Data extracted from a collection:
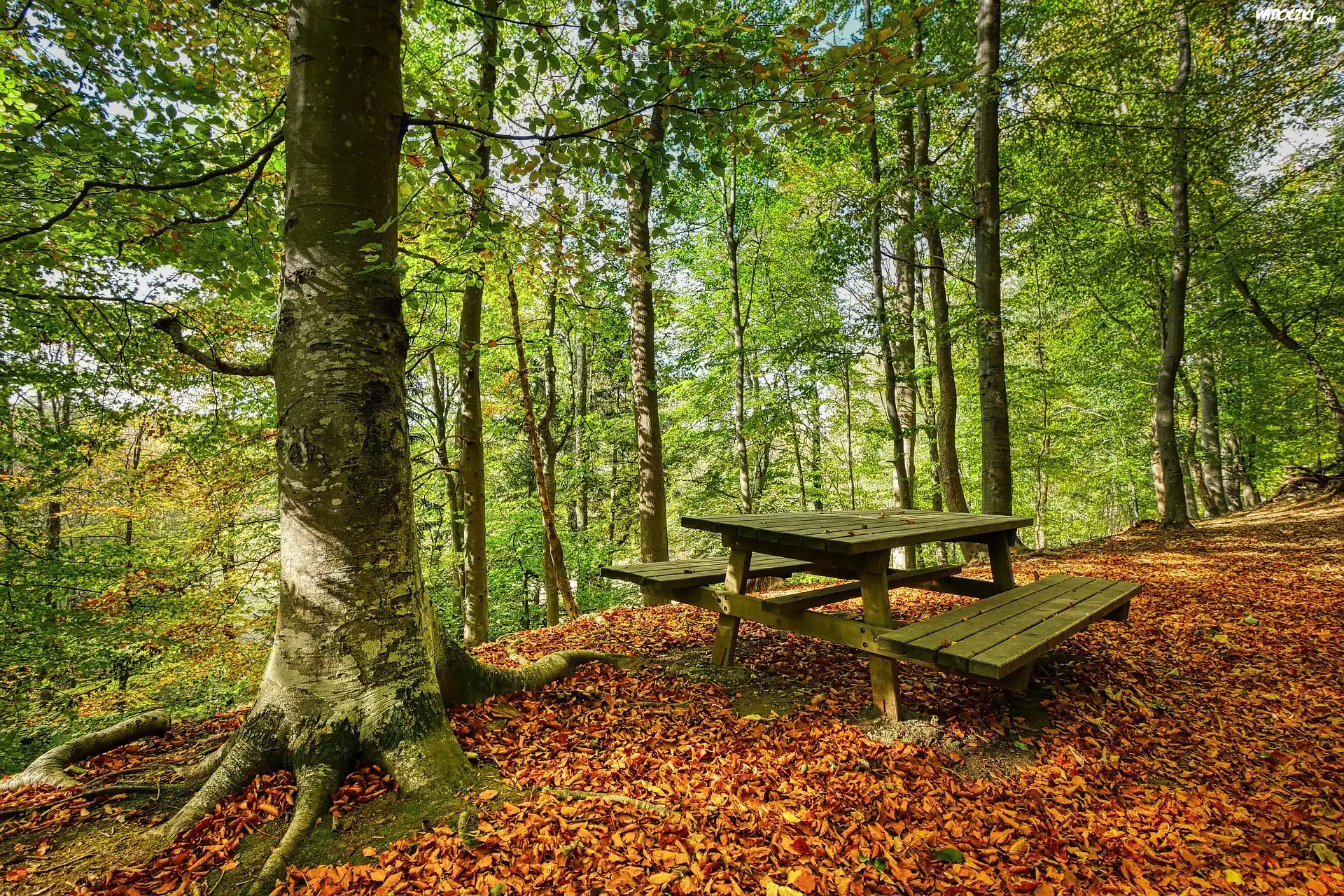 Zdjęcia, Las, Drzewa, Opadłe, Liście, Ławka
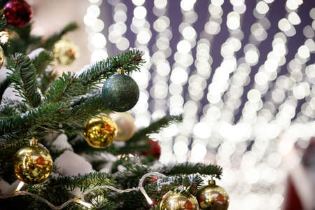 Seasonal background with Christmas toys on the tree. Celebration concept. Soft focus. Horizontal. Festive bold bokeh
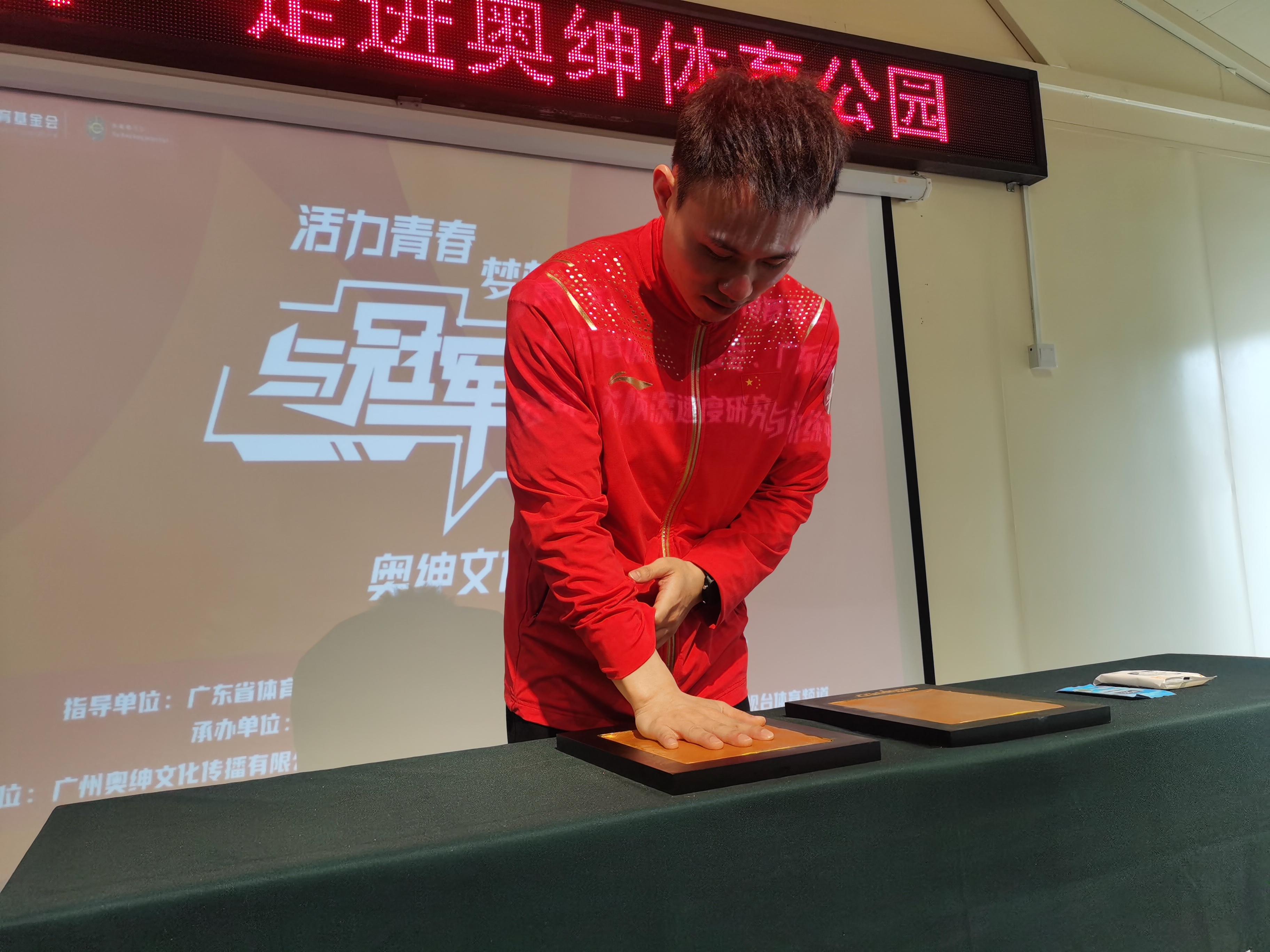 谢思埸现场分享了他的冠军故事,并为体育公园按下金手印。在得到奥运冠军的鼓励后,现场大学生们激动不已,纷纷与谢思埸合影留念,谢思埸也满足其需求。谢思埸表示,这次活动非常有意义。“我也在关注大学生创业、就业情况,同学们可能会迷茫,也会觉得找不到出路,我希望他们能增强自身技能、学习体育精神、提升心理承载能力,做好人生规划,借助良好平台作为跳板,发挥自身优势,克服困难,实现梦想。”谢思埸说。
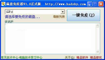 磁盘免疫器是一款可以免疫电脑上的所有磁盘(包括可移动磁盘)的软件,使其免受Autorun病毒的感染。使用方法非常简单,一看就会,如果在免疫时失败,请查看是否已免疫(是否存在Autorun.inf,若存在说明已免疫)。
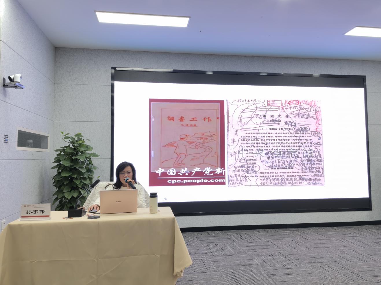 孙宇伟讲到,毛泽东对党的调查研究工作作出了开创性的贡献。毛泽东撰写了《湖南农民运动考察报告》,首次将阶级斗争的理论全面呈现在世人面前,铺就了中国革命实践的基石,坚固而深远。在《反对本本主义》的鸿篇巨制中,毛泽东深刻指出了“没有调查,就没有发言权”的道理,凸显了调查研究在决策与实践中至关重要的地位。此外,马克思主义的学习必须与中国的具体情况紧密结合,这一指导思想犹如一把钥匙,开启了马克思主义在中国传播与实践的大门。
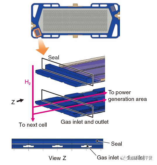 尽管一个双极板就有有进出口来给电化学反应提供气体,但通常需要给双极板粘贴或附上不同形状的金属或者树脂部件。然而夹紧不同形状的金属或者树脂部件工艺提高了电池成本。因此橡胶也用来成形气体进出口区域(rubber was used in forming the fluid inlet and outlet)。如下图所示,通过桥墩结构(bridge pier structure),反应气体进出口与隔开阴阳极反应气体的密封圈相交。
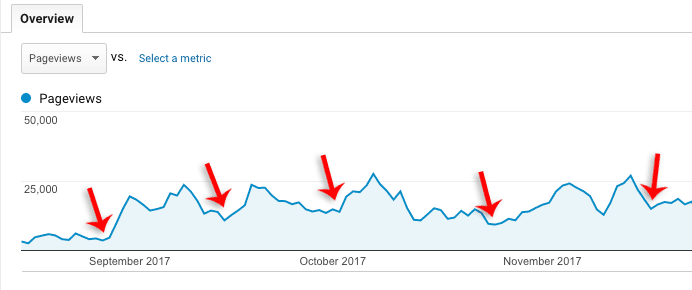 Earlier in this post, we showcased Azula's strong valley growth after three months of being on RebelMouse. Here's a broader look at how Azula has been doing since the end of August 2017.
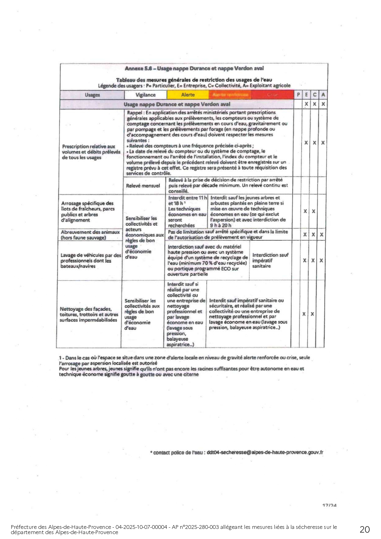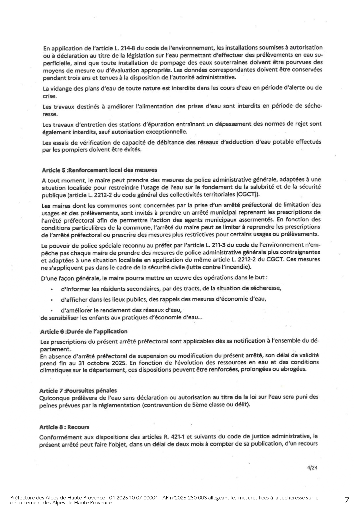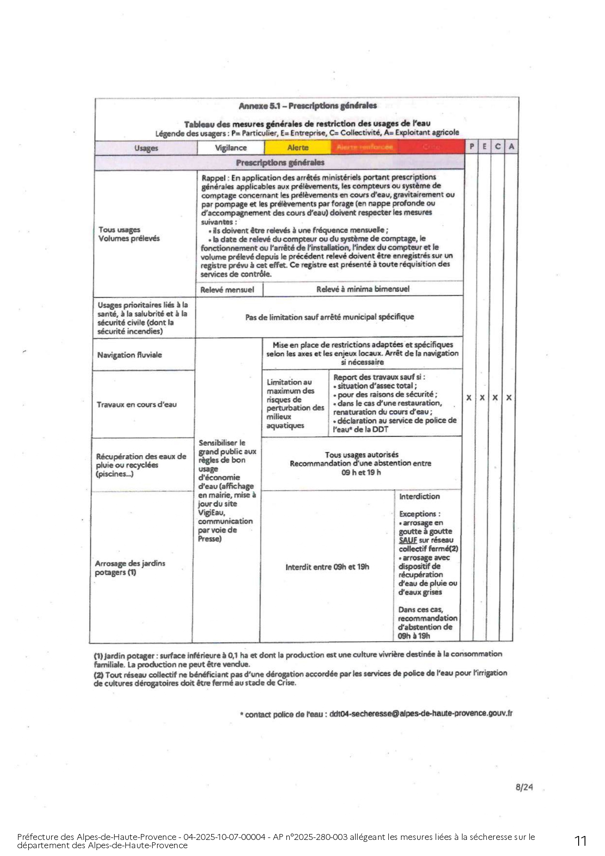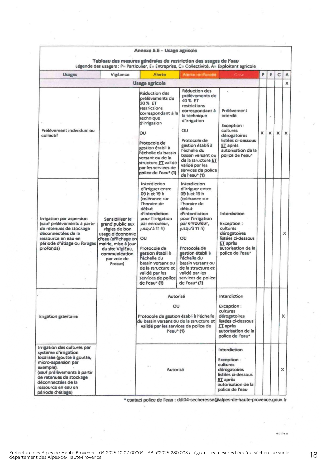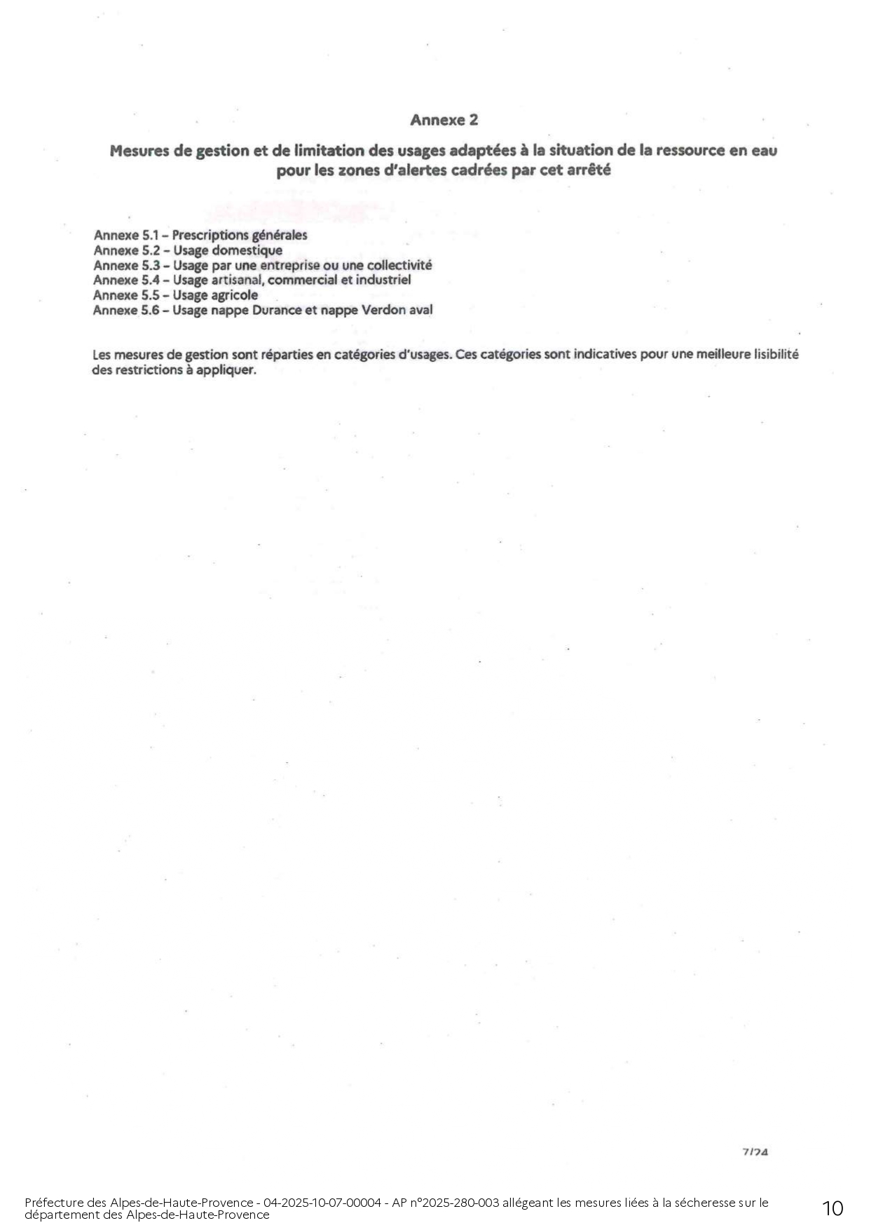 ARRÊTÉ PRÉFECTORAL ALLÉGEANT LES MESURES LIÉES A LA SÉCHERESSE SUR LE DEPARTEMENT DES ALPES DE HAUTE-PROVENCE

__What the task requires__:
Print only the lines from the line that contains "Earlier in this" to the final line of the data, inclusive. Pictures stay out.

__Result of the exercise__:
 Earlier in this post, we showcased Azula's strong valley growth after three months of being on RebelMouse. Here's a broader look at how Azula has been doing since the end of August 2017.
 ARRÊTÉ PRÉFECTORAL ALLÉGEANT LES MESURES LIÉES A LA SÉCHERESSE SUR LE DEPARTEMENT DES ALPES DE HAUTE-PROVENCE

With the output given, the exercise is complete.